Find zeroes of polynomial $$p(x) = x^2 – 5x + 6$$
$$p(x) = x^2 – 5x + 6$$
Put value x = 2
$$p(2) = (2)^2 – 5(2) + 6$$
$$= 4 – 10 + 6$$
$$= 10 – 10$$
$$= 0$$
$$p(2) = 0$$
$$\therefore$$ 2 is zero of polynomial p(x)
Put value x = 3
$$p(3) = (3)^2 -5(3) + 6$$
$$= 9 – 15 + 6$$
$$= 15 – 15$$
= 0
$$\therefore$$ 3 is also zero of polynomial p(x)
So, 2 and 3 are two zeroes of polynomial p(x).

## Geometrical meaning of zeroes of polynomial

Any polynomial can be drawn on a graph with a specific curve. We have already introduced above in Introduction section how the polynomial curves are drawn on a graph. The shapes of the curves of polynomial varies with polynomial degree. Linear polynomial has curves of unique shape and are different from quadratic polynomial and even biquadratic has its own unique shape. Let’s learn what are the shapes and how to find zeroes of polynomials for linear, quadratic, cubic and biquadratic polynomials.

### Linear polynomial

The general form of a linear polynomial is $$ax + b$$, where $$a \neq 0$$. The graph of linear polynomial is a straight line and it intersects the x-axis at exactly one point. So, the linear polynomial has only one zero.

Example

Consider a linear polynomial, y = 2x + 6
To find the zeroes, we put y = 0
2x + 6 = 0
x = -3
$$\therefore$$ -3 is zero of y = 2x + 6 linear polynomial

Graph of linear polynomial

The general form of a quadratic polynomial is $$ax^2+bx+c$$, where $$a \neq 0$$. The graph of quadratic polynomial has two shapes, one is known as open upwards or in shape of U and another is open downwards or in shape of downwards U. These curves are also called as parabolas. Let’s find zeroes of a quadratic polynomial in an example as below.

Example

Consider a quadratic polynomial, $$y = x^2 + 2x – 3$$
To find zeroes of polynomial, let’s start putting value of x and find the corresponding y.
Put x = 0
$$y = (0)^2 + 2(0) – 3$$
y = 0 + 0 – 3
y = 0 – 3
y = -3
Put x = -3
$$y = (-3)^2 + 2(-3) – 3$$
y = 9 – 6 – 3
y = 9 – 9
y = 0
Put x = 1
$$y = (1)^2 + 2(1) – 3$$
y = 1 + 2 – 3
y = 3 – 3
y = 0
The zeroes of quadratic polynomial $$x^2 + 2x – 3$$ will be the x coordinates of points where the graph $$y=x^2 + 2x – 3$$ intersects the x-axis.
Therefore, -3 and 1 are zeroes of polynomial $$x^2 + 2x – 3$$ as graph $$y = x^2 + 2x – 3$$ intersects x-axis at -3 and 1.
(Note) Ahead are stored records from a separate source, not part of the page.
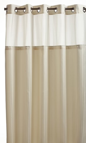 This Hookless Fabric Shower Curtain with built-in rings makes updating your bathroom a breeze. Our patented Flex-On rings eliminates the need to purchase shower curtain rings and deal with the hassle of them falling off the curtain. Sheer window adds extra light into showering space. Snap-in fabric liner included for easy cleaning.You will not be disappointed with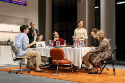 Seiner munteren Familie ist dieser Ödipus zugewandt und verständnisvoll. Als sein Sohn Polyneikes (Dominikus Weileder) sein Schwulsein offenbart, freut sich Ödipus für und mit ihm. Eine Paraderolle hat auch Rita Russek als seine -vermeintliche – Mutter Merope. Sie will ihm seine Herkunft erklären, aber dafür ist die Zeit noch nicht gekommen, deshalb wimmelt er sie immer wieder freundlich ab.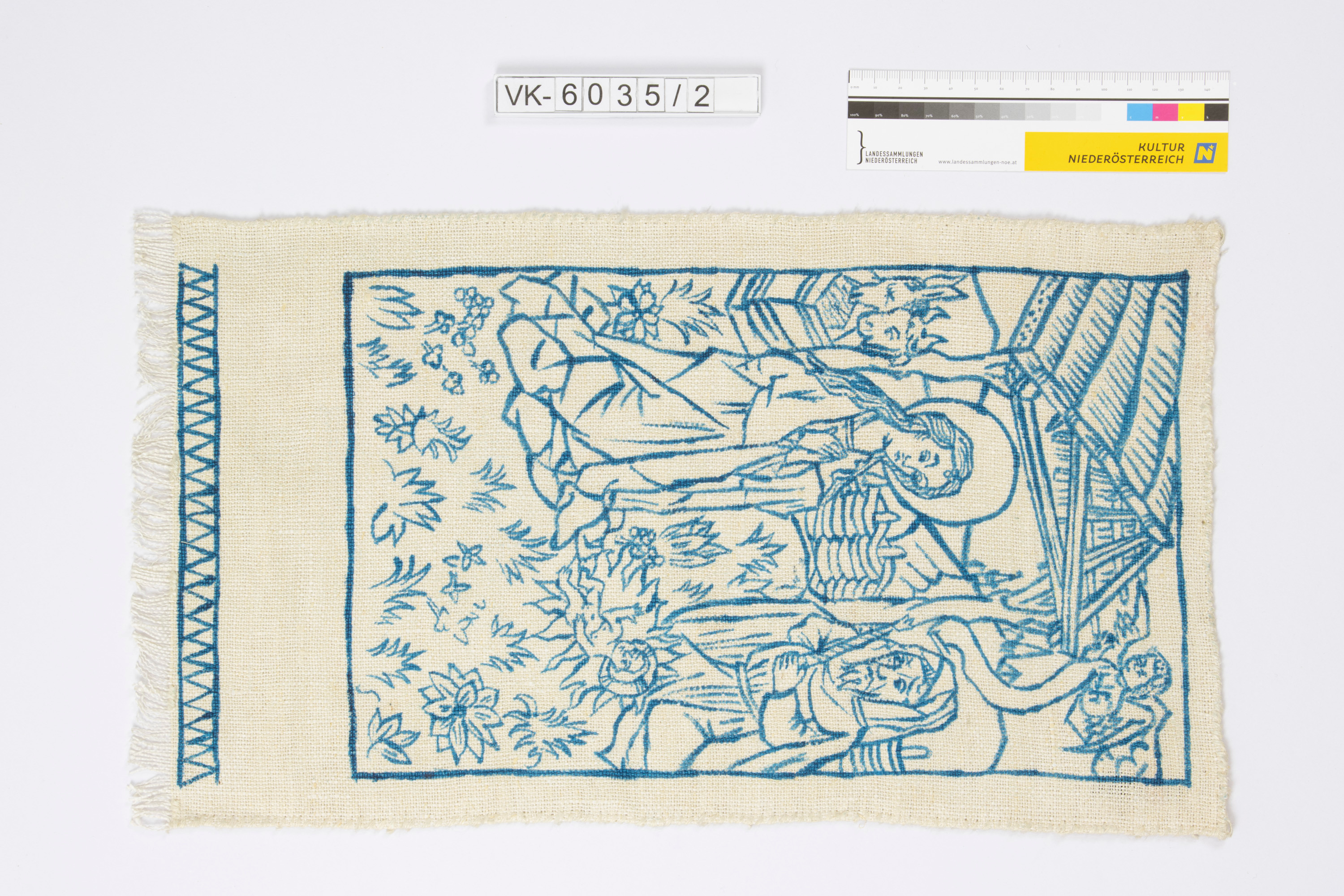Beiger Tischleinwandstoff mit blaugrünem Druck: Eine Darstellung der Geburt Christi mit der Heiligen Familie und dem Stall im Hintergrund, am unteren Rand des Wandbehangs befindet sich eine Zackenborte, und Fransen.

Therefore, for quadratic polynomial $$ax^2+bx+c$$, $$a \neq 0$$, zeroes of polynomial are x-coordinates of points where the parabola $$y=ax^2+bx+c$$ intersects x-axis.
Further, for the graph of $$y=ax^2+bx+c$$, there are three cases that arises with different shapes of graph. Let’s have a look at it one by one.

#### Graph of a quadratic polynomial with distinct zeroes

First case of graph is when the graph cuts x-axis at two distinct points A and B. The x-coordinate of A and B are two zeroes of quadratic polynomial $$ax^2+bx+c$$.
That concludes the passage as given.